Francis N. Tolentino
Wednesday, April 9, 2008
In light of the continuing interest in the mining industry, alongside the trends of globalization, it has been determined necessary that environmental management systems be standardized.
This effort is geared towards the promotion of best environmental practices in the management of mining operations as larger integrated global mining companies emerge and other companies become more specialized mining firms based on specific commodities or activities.
The Mining, Minerals, and Sustainable Development Project (MMSD), a program began in April 2000 and managed by the International Institute for Environment and Development (IIED) based in London, in collaboration with the World Business Council for Sustainable Development, is aimed at "understanding how to maximize the contribution of the mining and mineral sector to sustainable development at the global, national, regional and local levels," and formulating a "clear agenda for global change in the minerals sector…with clear mechanisms for moving forward."

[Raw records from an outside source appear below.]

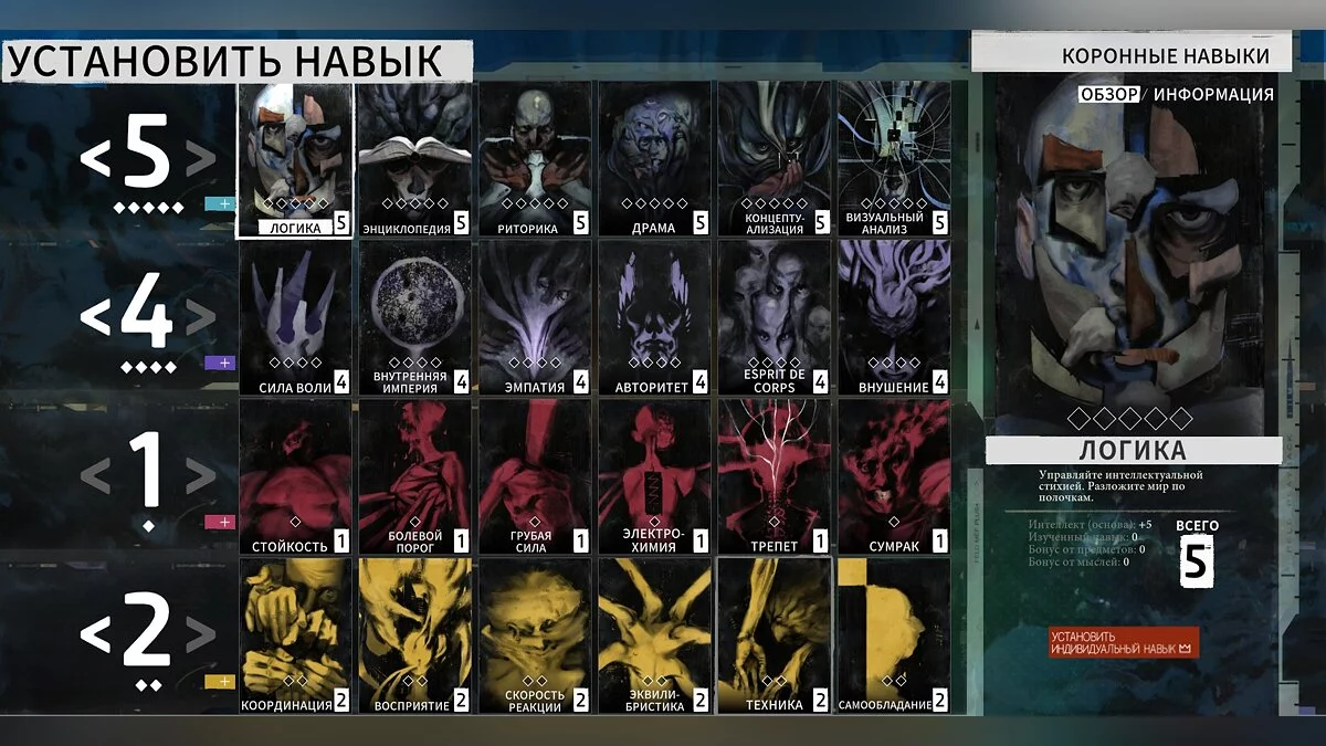 Для распределения доступно 8 очков, при этом каждая способность уже имеет стартовое значение 1. Навыков в игре всего 24 штуки, по 6 на каждую ветку развития. Все навыки автоматически получают значение, равное показателю способности. Например, вкачиваем интеллект на 6 и все навыки в этой ветке примут значение 6. На старте игры дополнительно улучшается только один навык, поэтому рассмотрим их более подробно.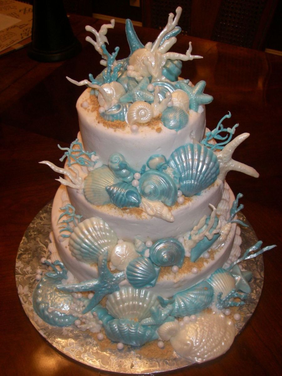 This is a Pina Colada cake with a coconut cream filling, covered with pina colada flavored buttercream, sand is made from crushed graham cracker. Shells are made from white chocolate. This is my first attempt at working with chocolate molds, my first attempt at stacking tiers, and my first attempt at a wedding cake. This is also only the 5th cake I've ever done.. I was super excited with the results!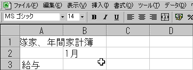 A列に項目の文字が入った所で、今度は2行目に1月〜3月と合計の文字を入力しましょう。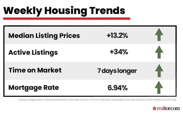 为了解决这个问题,美联储一整年都在积极而无情地提高利率,导致抵押贷款利率从3%上升到6%以上的区间,翻了一倍多。房地美(Freddie Mac)的数据显示,截至10月20日的一周,30年期固定抵押贷款平均利率从上周的6.92%小幅升至6.94%。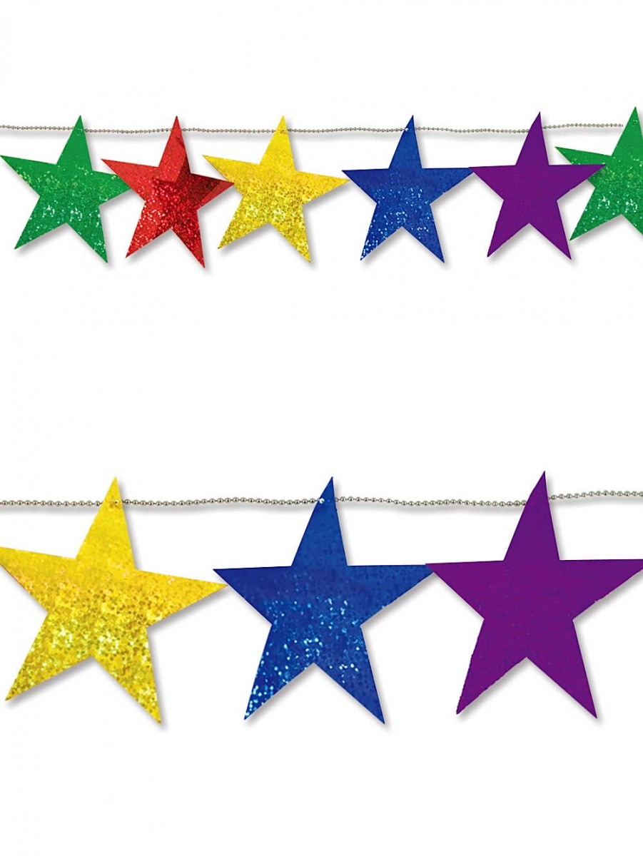 Star garlands for the yuletide season is a centrepiece in many venues for exterior or interior designs. No wonder this Metallic Star Garland is a standout! This colour-laden and eccentric Christmas accent is sure to boost and spruce up homes, workplaces and other important venues. It is undoubtedly versatile to blend with other yuletide pieces or give simple and plain spaces an instant aesthetic lift. The star accessory is made from high quality, lightweight yet durable materials. It could definitely last from one Christmas to another. The uniquely shaped stars are clustered together to form a 2.7m measurement for each garland. This multi coloured ornament could be easily hanged anywhere from walls, doors and so much more. There are various lovely and lively palettes presented in one festive garland. Available colours for the lot include deep green, fiery red, yellow, deep blue and purple. All stars have the shiny and glittery effect.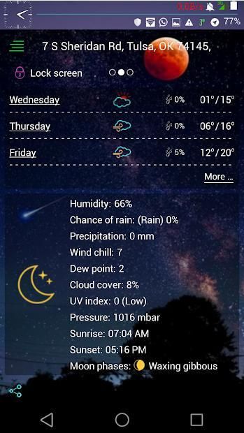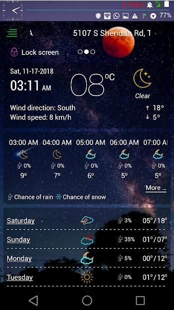 Weather forecast when you are automatically. There is a lot of information in the weather which includes weather, atmospheric atmosphere, relative humidity, varying distances, different regions, dew points, wind speed and direction, besides that, also hourly weather forecasting.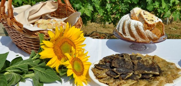 Na bogatome stolu našli su se kulen, kulenova seka, sirevi (kravlji, podlijevani, tvrdi s paprikom, orasima, dimljeni) zapečene flekice sa šunkom i sirom, taške s orasima i makom, salenjaci, mramorni kolač – svatko je mogao naći svoj omiljeni zalogaj i spariti ga s pjenušavim ili mirnim vinom koje mu je najbolje odgovaralo.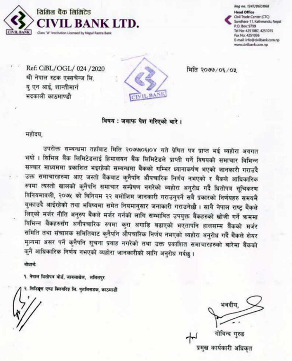 ‘सिभिल बैंक लिमिटेडलाई हिमालयन बैंक लिमिटेडले प्राप्ती गर्ने विषयको समाचार विभिन्न सञ्चार माध्यममा प्रकाशित भइरहेको सम्बन्धमा बैंकको गम्भीर ध्यानाकर्षण भएको जानकारी गराउँदै उक्त समाचारहरुमा आए जस्तो बैंकबाट कुनैपनि औपचारिक निर्णय नभएको,’ विज्ञप्तिमा उल्लेख छ, ‘बैंकले आधिकारिक रुपमा त्यस्तो खालको कुनैपनि समाचार सम्प्रेषण नगरेको अनुरोध गर्दै धितोपत्र सूचीकरण विनियमावली, २०७५ को विनियम २२ बमोजिम जानकारी गराउनुपर्ने सबै प्रकारको निर्णयहरु समयमै बुझाउँदै आइरहेको तथा भविष्यमा समेत नियमानुसार जानकारी गराउनेछौं ।’

The MMDS Project’s final report, entitled Breaking New Ground (May 2002), included among others the Marcopper Mining Disaster in Marinduque as a case linked to its discussion of Terminal Liabilities (Chapter 14, p.348). In the report it was stated: "A key governance challenge in the minerals sector is the issue of closure costs or long-term liabilities…Sustainable development requires a long-term approach to decision-making. Investment in long-term, durable solutions is unlikely to be made unless the company, the government, and others take responsibility for closure costs and regard them as part of the costs of mining. All too often there is the assumption that someone else will pay – in the future."

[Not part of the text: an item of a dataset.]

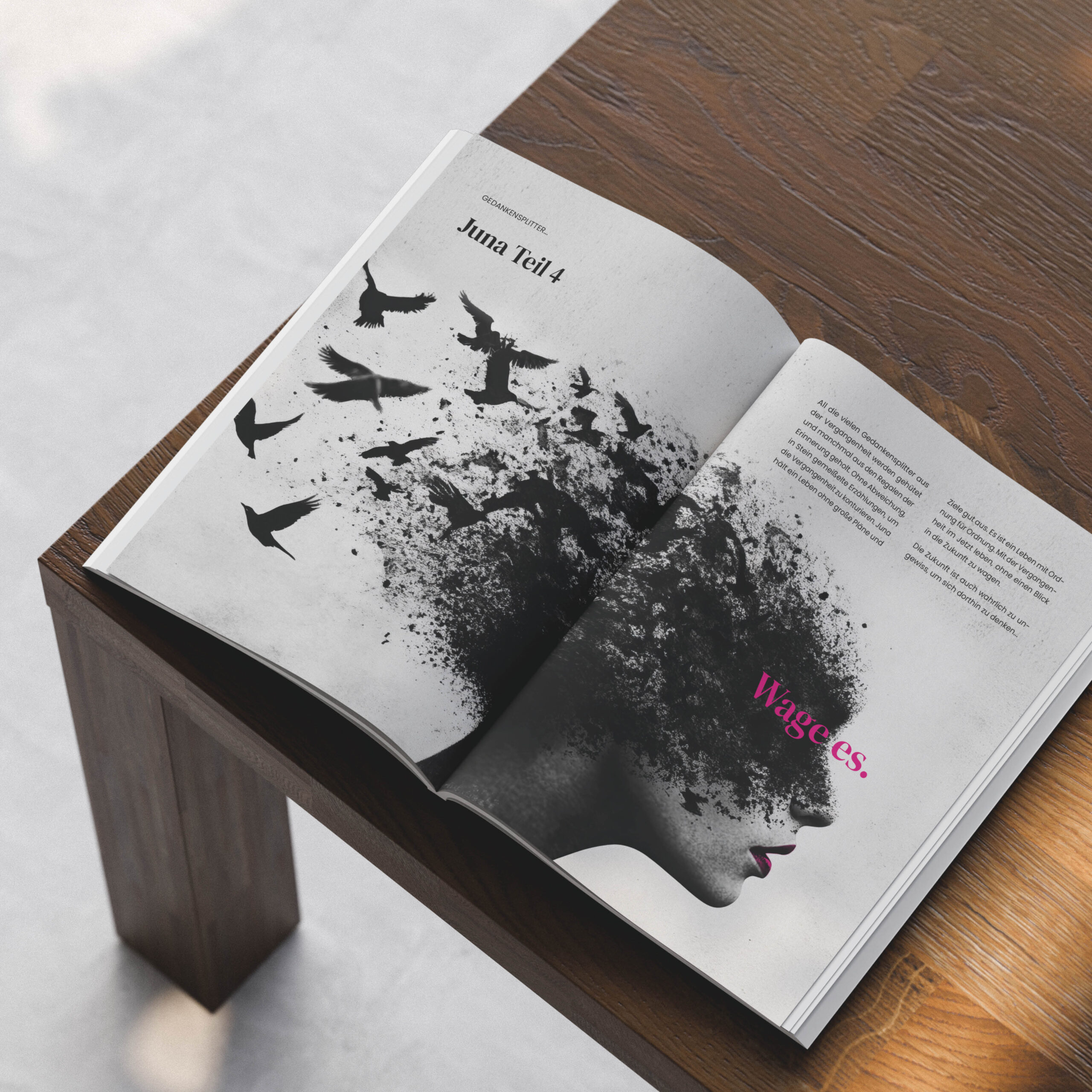 Psychologie trifft Grafik. Kein Personenkult, kein Rampenlicht. Worte, die wirken. Bilder, die bleiben. Namen sind nicht wichtig – Veränderung schon. Wir schreiben, gestalten und lassen die Geschichte sprechen.

In another article entitled "Time to Get Real: The Necessity of Legal Accountability for Responsible Transnational Commerce" (2007), author Reibstein noted that there is as yet no system of international law that effectively holds companies liable for damages that they might cause in other countries. He stresses the need for accountability in a world of international commerce that has virtually no international body to which victims of torts and crimes by transnational entities can appeal. He asserts that the role of government is to create a clear legal framework for the accountability of corporations while the role of corporations is to submit themselves to legal process binding them internationally to principles they already accept when doing business at home.

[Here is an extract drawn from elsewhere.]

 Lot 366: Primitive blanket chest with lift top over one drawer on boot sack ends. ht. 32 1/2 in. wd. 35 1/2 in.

Considering the overarching impacts of the mining industry as well as the seeming lack of a framework that would clearly define roles and responsibilities, there is indeed urgent need for improved and updated "legislative, regulatory and juridical instruments" in holistically approaching questions relative to the environmental impacts of mining companies. Leaders of local communities should also recognize the need for a better balance between risks and opportunities, putting in mind the sustainable development principles of "maximum human well-being" and "respect and reinforcement of the fundamental rights of human beings, including civil and political liberties, cultural autonomy, social and economic freedoms, and personal security. The issue of strong governance is central, from the commencement of mining activities to the closure of sites. "For good governance to work, there will need for clarity and consistency in how the responsibility for minerals and sustainable development is understood and shared locally, nationally, and globally. Agreed standards and benchmarks will need to be established, together with agreed mechanisms to deal with the (negative) legacy of past mining operations and the future effects of today’s activities.
There remains much to be done in making mining corporations liable for whatever harm their activities cause to the environment and to the people. Reparation of damage should not end in mere efforts for the restoration of a polluted river, or in the payment of damaged crops and crop lands. Remediation should transcend the boundaries of physical restoration and extend beyond monetary consolation for those extremely affected by imprudent mineral production. Mining companies should likewise recognize the value of responsible corporate mining as their contribution to sustainable development.